Мартынов несколько раз призывал курсантов к порядку, но слушали Грабина плохо, чувствовалось, что все настроены против него. И он быстро закончил свою речь, решив в душе, что будет агитировать не словами, а делами. Даже на тех, кто бросал ядовитые реплики, у него не возникло обиды. Их надо было понять. Лично к нему они претензий не имели. Будь на его месте любой другой, и его бы встретили в штыки.

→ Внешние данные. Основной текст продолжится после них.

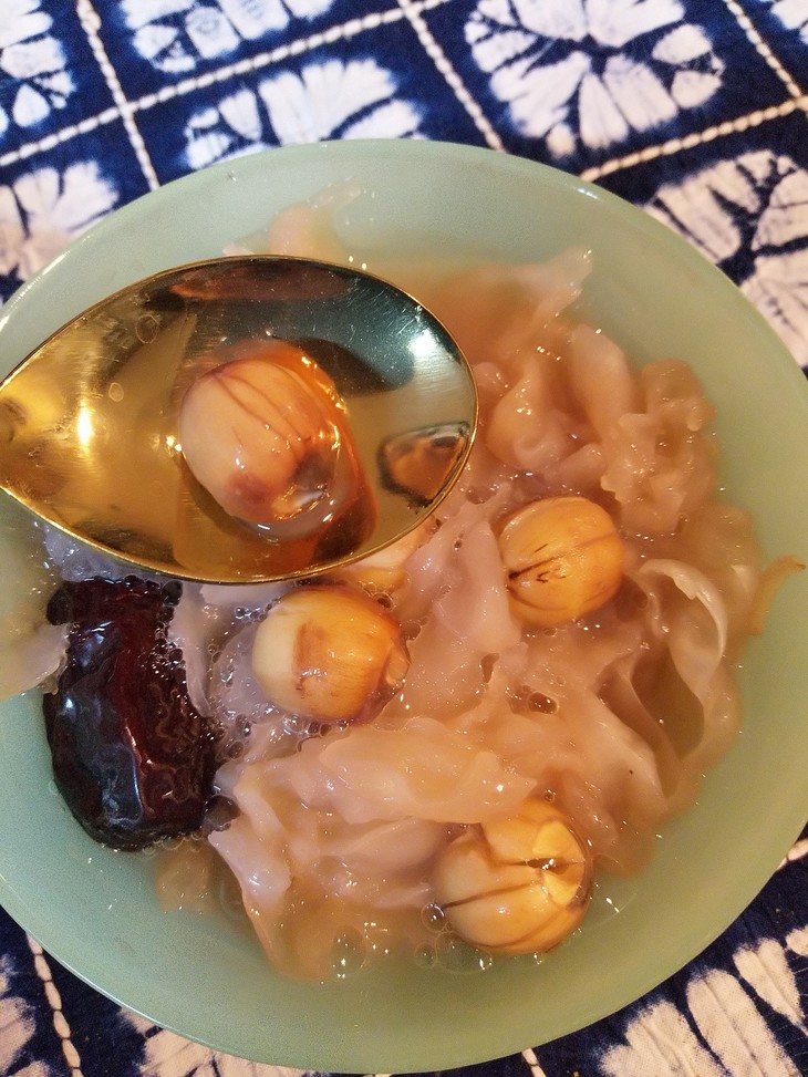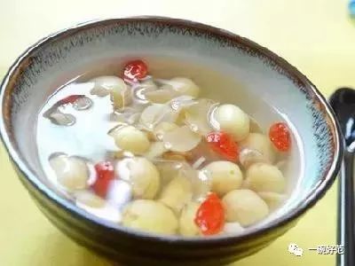 做法:将银耳泡开,择净,加清水适量,下莲子炖至烂熟后,入枸杞、冰糖,炖沸即可,每日1次。
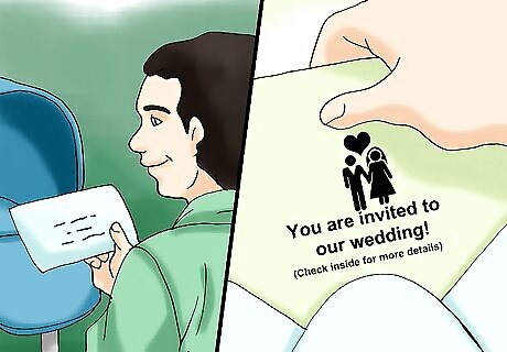 Follow up with formal invitations 8 weeks before the wedding. Once the wedding is about 2 months away, send out invitations to all the people on your guest list. Make sure you include the place, date, and time of the ceremony and reception, as well as the names of the people you are inviting. If you don’t have a big budget for wedding invitations, you can save money and add a personal touch by making your own. Your invitations should also include RSVP cards and additional important information, such as dress code and menu options (if applicable). As you receive RSVPs, keep track of them on your guest list.
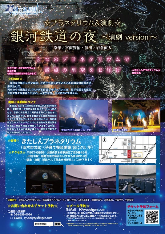 茨木市の「きたしんプラネタリウム(おにクル7F)」にて、2025年12月6日(土)19:00より、劇団☆流星群による本格的演劇公演『銀河鉄道の夜 ~プラネタリウム&演劇 version~』(原作:宮沢賢治/演出:岩倉直人)が上演されます。
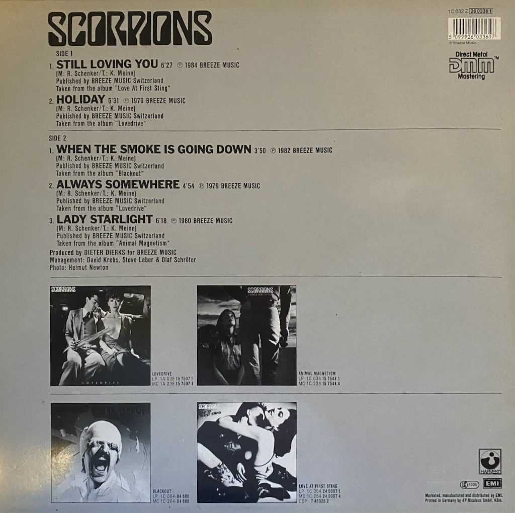 In the U.S., the label was capitalizing on the Scorpions success by releasing a compilation, so why not the European labels. 1984 was a big year for the Scorpions so lets milk it for what we can was the attitude of the day!. With the massive success of their ballad “Still Loving You”, why not release an E.P. of their best ballads and pick those from four of their best albums, ‘Lovedrive, ‘Animal Magnetism’, ‘Blackout’ and ‘Love at First Sting’. And ballads are big sellers, so it made perfect sense.
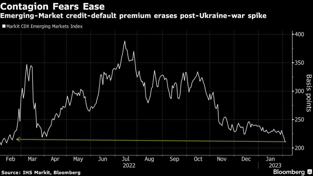 The cost of hedging against a default by 18 emerging economies from China to Panama declined to 211 basis points on Friday, according to IHS Markit data, the least since before Russia invaded Ukraine last February.

Начались занятия. И первый же урок оказался для Грабина громом среди ясного неба. Преподаватель алгебры только назвал тему, и он уже понял: беда. Оказывается, на курсах в Детском Селе его подчиненные продвинулись далеко вперед. Грабин испытал такое состояние, будто он попал в класс, где объясняются на другом языке, которого он не понимает.

Но это были цветочки, ягодки ждали Грабина впереди. Оказалось, что и по геометрии, и по некоторым другим предметам его подчиненные тоже обогнали его. Что делать? Доложить командованию обстановку и просить о переводе на старое место? Но там уже назначен новый помощник командира взвода. И дело, конечно, не в должности. Что он скажет командирам и товарищам? Тяжело? Ему так и говорили: будет нелегко. А как воспримут его отступление новые подчиненные? Вот будет ликование. И на пользу это ни им самим, ни школе не пойдет…

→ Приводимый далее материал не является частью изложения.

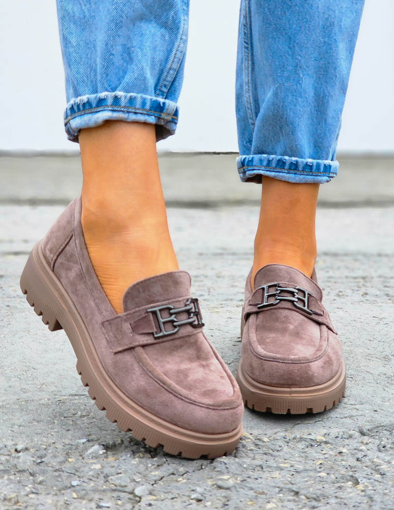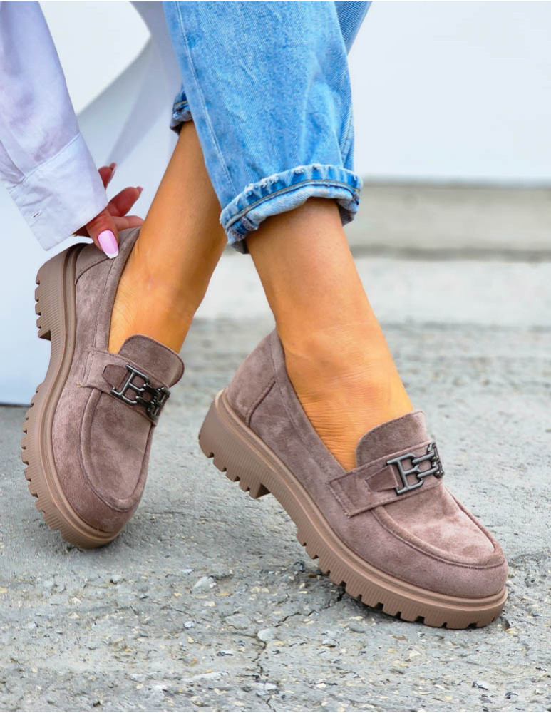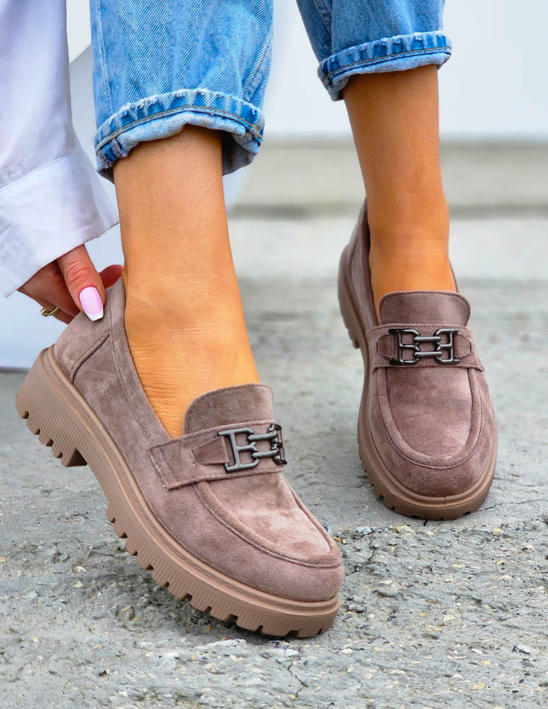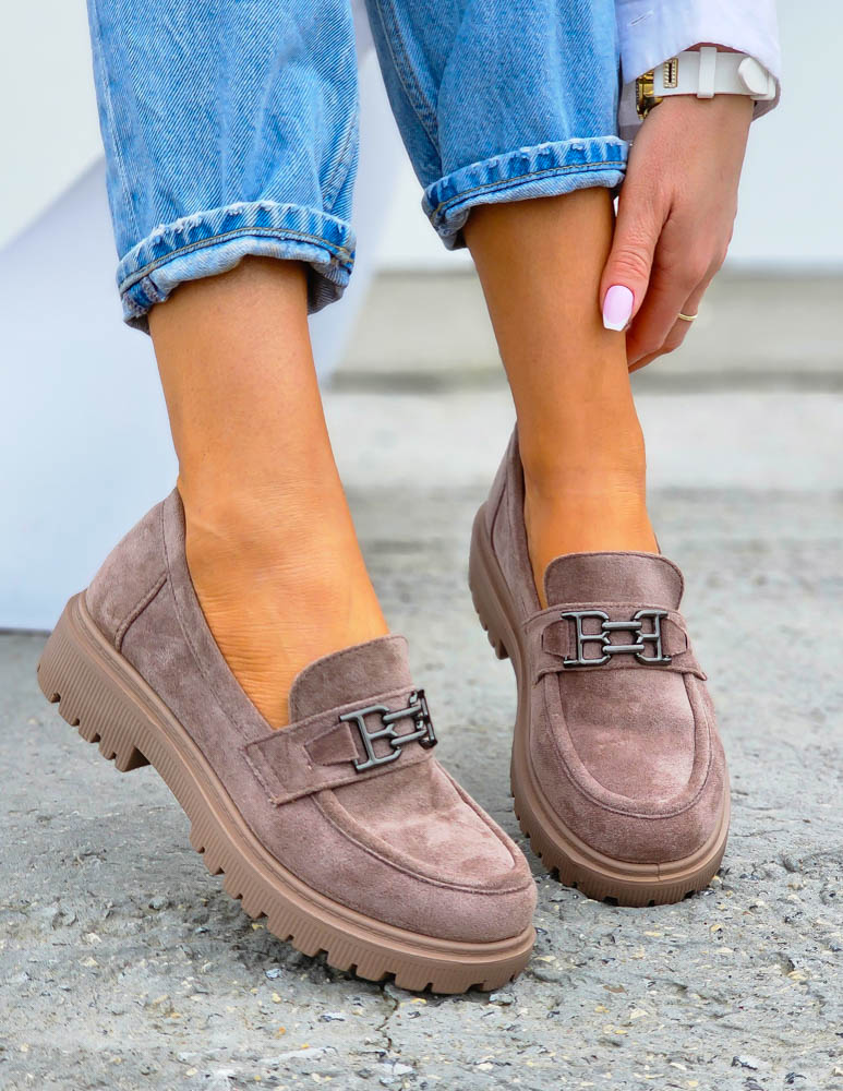 Beżowe Zamszowe Mokasyny Na Grubej Podeszwie Suzzy

Оставался один выход — занимаясь вечерами, ликвидировать отставание. Туго придется, но опыт самостоятельной учебы есть. Мелькнула, правда, мысль, что можно попросить о помощи кого-нибудь из подчиненных. Среди них есть коммунисты, они не откажут. Это станет хорошим мостиком для укрепления дружбы. Вечером, перед сном, подошел к соседу по койке:

— Знаешь, а я ведь по алгебре на целый раздел от вас отстаю. Может, позанимаешься со мной?

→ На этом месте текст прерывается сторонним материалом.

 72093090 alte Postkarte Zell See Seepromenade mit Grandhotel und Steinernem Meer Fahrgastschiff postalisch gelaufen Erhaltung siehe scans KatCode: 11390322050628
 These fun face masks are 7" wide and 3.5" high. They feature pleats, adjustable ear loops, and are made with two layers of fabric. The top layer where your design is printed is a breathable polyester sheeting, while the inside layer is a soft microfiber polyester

— Я что, преподаватель? И когда заниматься, времени всегда в обрез…

Другой был менее категоричен. Вроде не отказал, но и не согласился. Там, мол, видно будет. Да и его можно было понять, если дорог каждый день и час.

Пришлось Грабину заниматься одному. И на занятиях, и во время перерывов. И вечерами до отбоя, а порой и после, когда все уже давно спали. Говорят, что нет худа без добра. Во время этих занятий Василий научился работать с учебниками, самостоятельно доходить до истин, не надеясь на готовые рекомендации и выводы. Порой он ошибался, оказывался на ложном пути, но в конце концов находил верное решение, и тогда оно запоминалось особенно прочно.

Прознав о том, что местные курсанты по всем предметам отстают от них, новички ликовали: старшина не сумеет их догнать, сядет в лужу. Порой, если кто-нибудь получал плохую оценку, ему иронически советовали:

— Не горюй, старшина поможет.

Грабин заливался краской. Что он мог возразить? По долгу службы ему положено было не только делать перекличку вечерами, командовать батареей во время построений, но и показывать пример в учебе. А он сам нуждался в помощи. Правда, если на уроках возникала необходимость повторить пройденный материал, лучше Грабина никто не мог ответить на вопрос преподавателя. Но таких случаев было немного.

Жизнь в батарее шла спокойно. Курсанты сторонились старшины, но нарушений дисциплины не допускали. Установилось своеобразное равновесие во взаимоотношениях. Неприязнь, с какой встретили Василия, постепенно прошла, а теплоты и понимания не наступило.

Переломным моментом стали зачеты. Накануне снова послышались шутки:

— Завтра старшина покажет, как надо делать батарею образцовой.

— Да, послушаем, как надо отвечать.

Первым зачетным предметом была алгебра. По списку Грабин шел пятым. Четверо ответили неплохо: две оценки «удовлетворительно», одна «хорошо». И только один курсант получил «неуд». Но по такому трудному предмету почти никогда зачеты не сдавали на «отлично».

Вышел Грабин. Все насторожились. Вопросы ему достались сложные. В классе послышался шепоток, многие откровенно посмеивались. Но Василий ответил обстоятельно и верно. Даже преподаватель был озадачен. Задал дополнительный вопрос. Грабин снова не стушевался. Спросил формулу — Грабин быстро и уверенно написал ее на доске, хотя и допустил небольшую ошибку.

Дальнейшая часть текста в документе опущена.